En cuanto estuvo solo Santiuste, dejó al Acaso que guiara su ambulación incierta: lleváronle sus pasos ante una gran tienda, que al punto reconoció como Hospital de Sangre, por el número de camillas que en su interior desde fuera se veían y por los olores farmacéuticos envueltos en exclamaciones de dolor que en la puerta recibían al visitante. Entró Juan, a punto que sacaban en parihuelas un soldado muerto para llevarle a enterrar. Tres heridos graves yacían sobre colchonetas, rígidos, en posición supina, alguno de ellos con la cara tan cruzada de vendajes, que no se le veían las facciones, y más parecía envoltorio que ser humano. Hacia el fondo de la tienda, un oficial agonizaba: tenía puesto el ros, desnudo el pecho de ropa, mas no de bizmas y vendajes, pues toda la región torácica era una criba. Además, le habían amputado un brazo. A una señal del médico, un auxiliar sanitario quitó el ros al moribundo y le cubrió con sábana y manta hasta la boca. Los ojos tenía muy abiertos... El cura, después de mascullar latines para encomendar el alma, rezaba en silencio... Retirose el médico para arrimarse a otros en quienes aún podía ser eficaz la ciencia. Aproximándose al expirante, Juan le vio dar las boqueadas, con que pasó de la vida a la muerte. El castrense dijo a Santiuste: «¡Lástima de chico! Es hijo del coronel Gallo, y acabadito de salir de la Academia de Toledo le trajeron a esta campaña».
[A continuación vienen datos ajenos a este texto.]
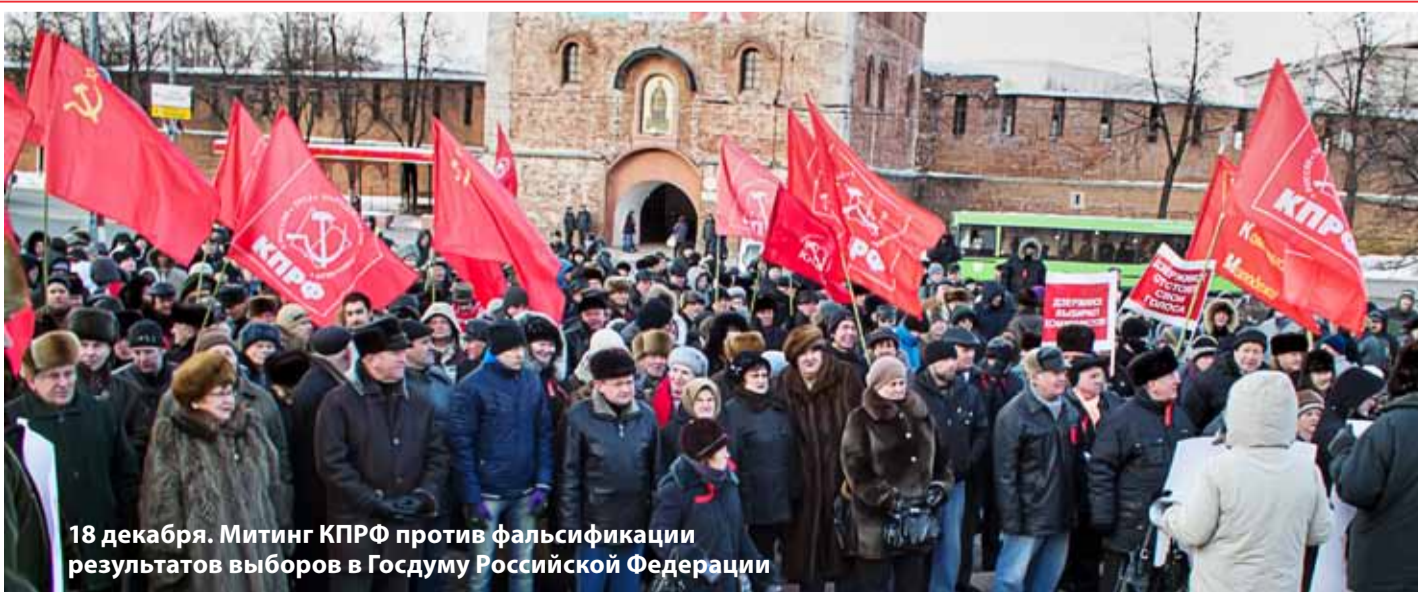
18 декабря. Митинг КПРФ против фальсификации результатов выборов в Госдуму Российской Федерации

Acongojado estaba Juan ante el espectáculo de aquellos martirios; pero no sabía salir del hospital. Viendo a un herido que en su delirar ardiente cantaba coplas obscenas, a otro que se condolía de su suerte con ahogados acentos, observándolos a todos, y el entrar y salir de médicos o asistentes de Sanidad, se le pasaba el tiempo sin sentirlo. Menos espanto le causaban aquellas lástimas que el horrible tiroteo, a cada instante más nutrido y cercano... Cuando ya la tarde declinaba y los sirvientes del hospital encendieron velas, el ruido de tiros se iba apagando, perdiéndose en invisibles lejanías. De pronto vio Juan que llegaban a la tienda camillas con nuevas víctimas, en número tal, que tuvo que echarse fuera para hacerles hueco. Heridos llegaron silenciosos, que parecían muertos; otros blasfemaban, increpando al cielo y a la tierra; algunos bromeaban, comentando su mala estrella con picantes dicharachos... La sangre derramada y las vidas en peligro, de sí mismas se burlaban.
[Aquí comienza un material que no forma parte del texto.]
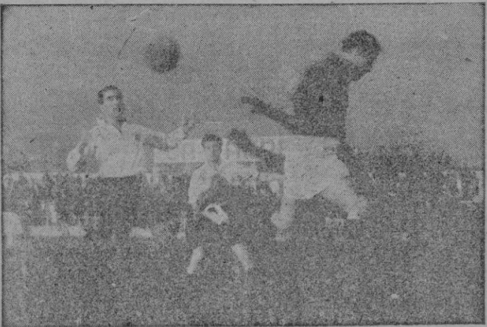
Donjany salta en remate de cabeza del delantero centro del Oviedo.
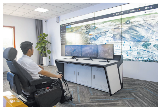
技术人员在河南跃薪智能机械有限公司远程控制室遥控位于焦作的5G智能挖掘机开采矿石

坚持党建业务融合一体化，锻造“红色引擎”。实施“书记工程”，各党支部书记向公司党委签订军令状，党建主题活动助推经营发展作用进一步彰显。扎实开展“实事暖人心 创新争先锋”活动，按阶段做实14个实事及创新项目，为实现全年工作目标提供有力保证。把“党建和创、和格行动”作为实现党业融合的重要载体，推动“两和”升级落地落实。目前，该公司各级党组织已陆续与39家单位签订和创协议，签订项目数40个，签约收入达到416.25万元。网格自有党员达到73名，覆盖网格42个，自有党员网格占比77.78%，较上年度提升12个百分点。
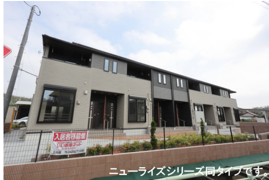
ニューライズシリーズ同タイプです。

Fue y vino Santiuste un rato entre las tiendas próximas, viendo soldados ilesos que en grupos alegres volvían al campamento, hasta que tuvo la suerte de ser encontrado y detenido por Pedro Antonio de Alarcón, que haciendo presa en su brazo le dijo: «Palomino atontado, ya te cogí: pensé que te habías ido... ¡Vaya un julepe que se han ganado los moritos!... Ven y te contaré. Esta noche la pasas conmigo. Cenaremos juntos... tengo provisiones muy ricas... Ven... No chistes; no te me escapas... Eres mi prisionero».